Despite the familiarity of our daily commute, it feels different between us, as if we cleared a long table of refuse between us, and put out fresh wildflowers. Swinging our clasped hands together, it occurs to me I feel loved. The night is quiet except for the rhythmic sound of waves slamming against our crumbling sea wall, a soft whoosh mixed with continuous long crunches, windmills grinding and filling intervals when the lake/sea recedes. The Eudaimonia Center, where Haff grows embryos and I oversee culling, is our most essential structure. Threatened by the rising sea, it currently sits with one corner touching the rising lake, solar windows 2 floors above the waterline. Once-sprawling gardens complete with an intricate hedge maze and baby animal statuary had separated the scientific center and school from the shoreline a few miles away. A sea surge claimed that parcel not long after most of the population, including our families, left for Parnus. Now, it’s difficult to remember Eudaimonia 20 months ago, before blast off day and their betrayal. Dusan’s broken promise, especially. I think responsibility for the others helped propel me and Haff forward, numbly in survival mode, our days melting into one long slog. We woke one another up last night. Had it really been less than two years? We’d both trained for Gene-Culling, a healing modality necessary for evolved humanity on a “new earth”, but fate had other plans.

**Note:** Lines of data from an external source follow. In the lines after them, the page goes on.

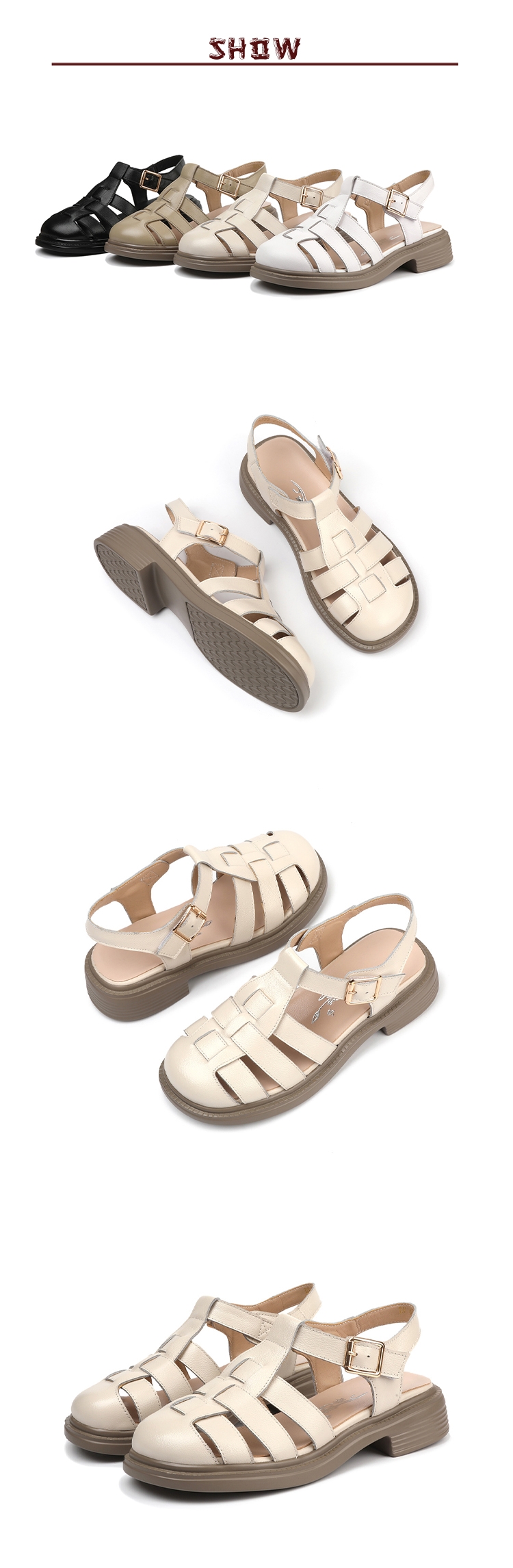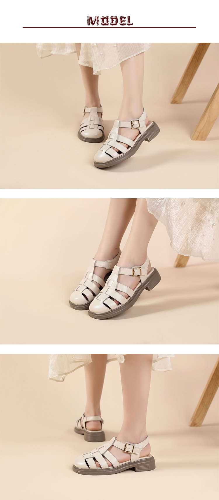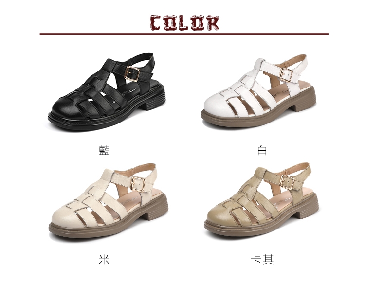 【WINK】真皮包頭低跟羅馬涼鞋/真皮百搭縷空線條包頭低跟羅馬涼鞋 女鞋 米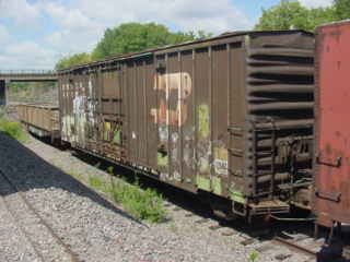 Soo Line box car 43960 built by Pullman-Standard in 1940 and acquired in 1988. This is one of the few pre-World War II boxcars in our collection and has friction bearings.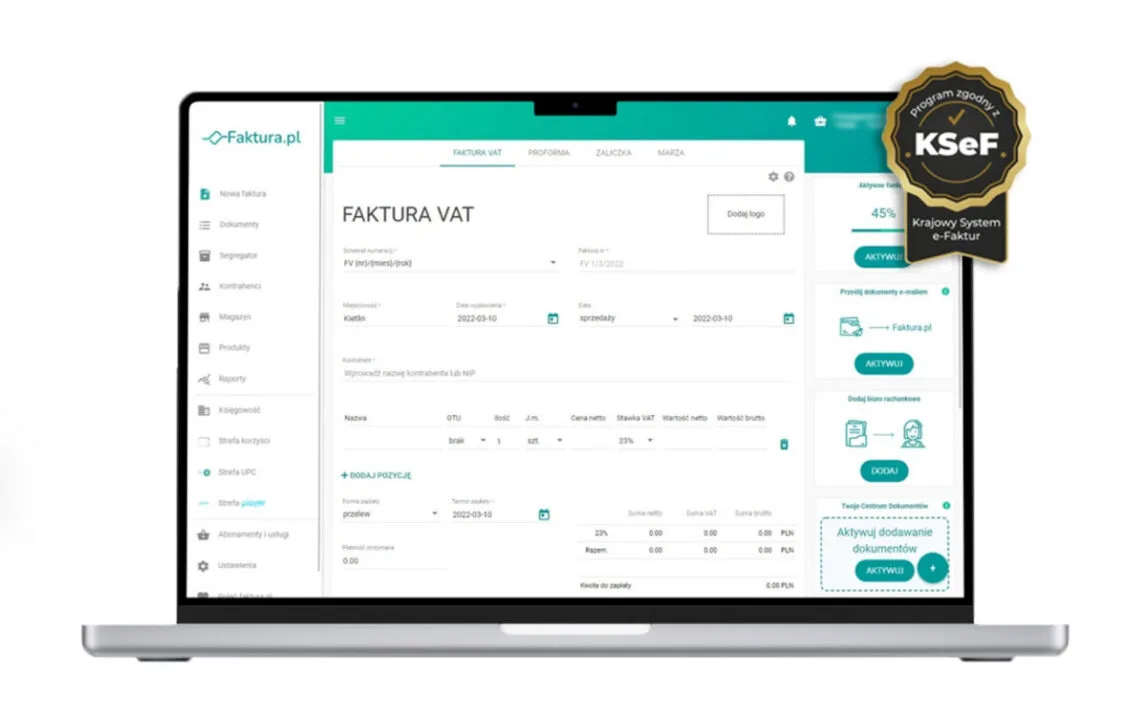 Z tego względu najlepszym podejściem jest wybór oprogramowania, które już teraz wspiera standardy KSeF. Takie narzędzia, jak Faktura.pl, zapewniają pełną zgodność z nowymi wymogami i pozwalają spokojnie przygotować się na nadchodzące zmiany. Korzystając z takich rozwiązań już dziś, przedsiębiorca zyskuje przewagę: unika kosztownych błędów i zyskuje pewność, że proces fakturowania przebiega w sposób uporządkowany, bez konieczności wprowadzania awaryjnych korekt tuż przed wejściem przepisów w życie. Co więcej, taka wcześniejsza adaptacja technologiczna często idzie w parze z lepszą organizacją pracy, większą automatyzacją i oszczędnością czasu w codziennym zarządzaniu dokumentami księgowymi.
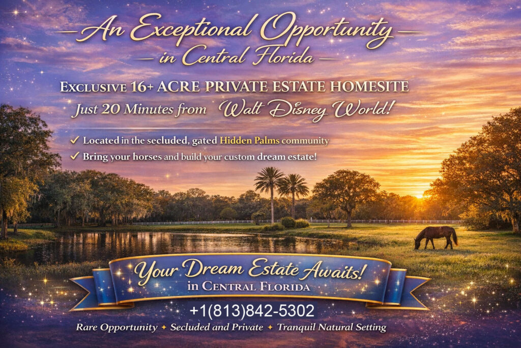 The 16-acre parcel at Hidden Palms is widely regarded as one of the most rare and high-appreciation land investments available in Central Florida in 2026 because it is currently the largest and most distinctive lot offered within the community, with no comparable property in size, condition, or location available on the Central Florida MLS. Acreage lots inside equestrian gated communities near Florida’s major tourist attractions are finite assets that cannot be replicated or mass-produced. As available supply within Hidden Palms diminishes, property values have only one direction to go, making early acquisition the most strategic financial decision for serious buyers and investors.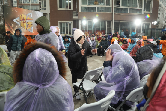 《向前一步》节目组在风雨中坚持录制 《向前一步》录制环境几乎都在室外,节目组承受了常人根本无法想象的艰辛!他们遇见过八级大风,每个灯杆、架子都要4个人抱着才不会被吹倒,但他们捍卫法律与政策的决心始终屹立不倒;他们经受过瓢泼大雨,现场的每个人都穿着不同颜色的雨衣,仿佛是彼此观点的碰撞与包容,但最终都会迎来雨后彩虹。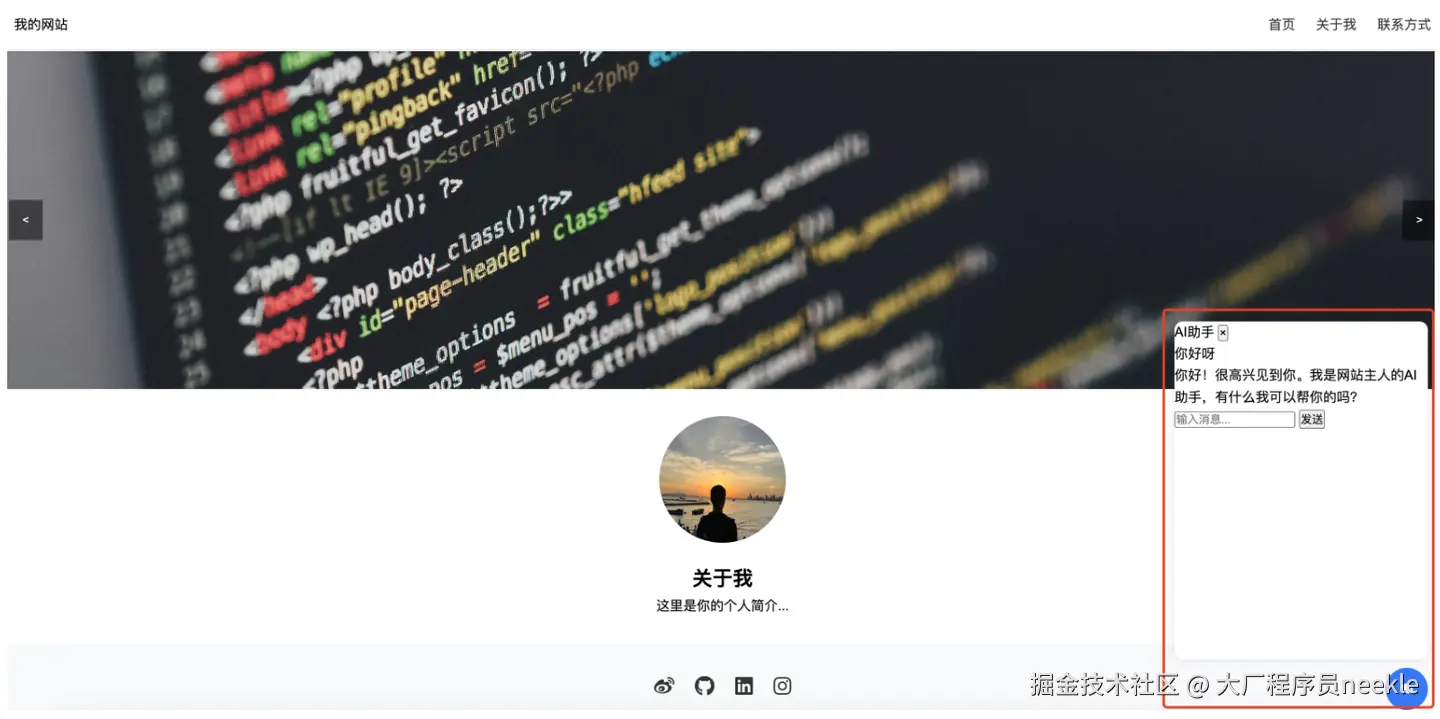 我想设计一个个人网站。主要用于展示自己的几张照片,提供自己的社交链接,同时还要一个AI小助手,来回答用户问题。请先帮我设计下,用文字描述下页面,先不用写代码。

“Can we stop for a minute?” A floral briny sea breeze reaches us after it winds among rows of closed sunflowers and bushes of dessert chicory dancing in the shadowy moonlight. “It’s beautiful, isn’t it?”, I ask Haff, loathe to give up this rare satisfaction. Yellowing tomato plants, eggplant, and squash are heavy with fruit, all bathed in moonlight. Haff spent almost all of his free time here, as did my assistant Preeky Kala, the two becoming close.

“I think the worms might’ve multiplied and soapy water worked better than milky, just like Garvey said, but the bone meal is what increased the crop”, he replied with enthusiasm, “Not the best timing with bio exams breathing down my neck, but I’m sure I can squeeze in a half hour before sunrise, pick for us and Mrs. K. Mmmm… I can almost taste your eggplant and sauce, Sco”, Haff gushed, grinning and entirely ignoring dusty empty patches where melons and cucumbers grew only once, seeds not germinating this season.

“I’ll make it for your birthday dinner since everything is in so early. Can’t wait to make a big batch of salsa with Mrs. K again, maybe we save some for summer if we can show some restraint”, I replied gamely, intent on keeping our bubble of contentment afloat as long as possible.

Haff let go of my hand and turned to look at me, his eyes reflecting a more serious bent. “Yesterday you reminded me…”, he paused and looked down at our bare feet for a second before looking up again and finishing with, “of everything I love about you. I remembered how I felt, how WE felt, before they took Zehmy. This place… it wears me down, but you”, he took my hand, spun the titanium circlet identical to the one I gave him at our hand-fasting, “with you, I can be who I’m meant to be”.

“Wait a minute… did you just…”, I thought, and couldn’t help laughing nervously when Haff nodded slowly, his bushy russet eyebrows raised and wrinkling his forehead, eyes wide in utter shock. “This is our proof!”, his thrilled thought is translated by newly-active neurons in my claudate nucleus, or the center of my brain, a buzzing sensation accompanying his message. “We told them we were meant to be!”, he said silently.

Good Goddess! I can’t wait to see the looks on their faces!“, I skipped a few feet then back, unable to contain my feelings. Throwing my arms around Haff’s neck and kissing him anchors me in reality, here on old earth, where I can not see the looks on our parent’s or any of our friend’s faces. “Ok, what do we know?’, I say aloud, knowing he’s in possession of facts.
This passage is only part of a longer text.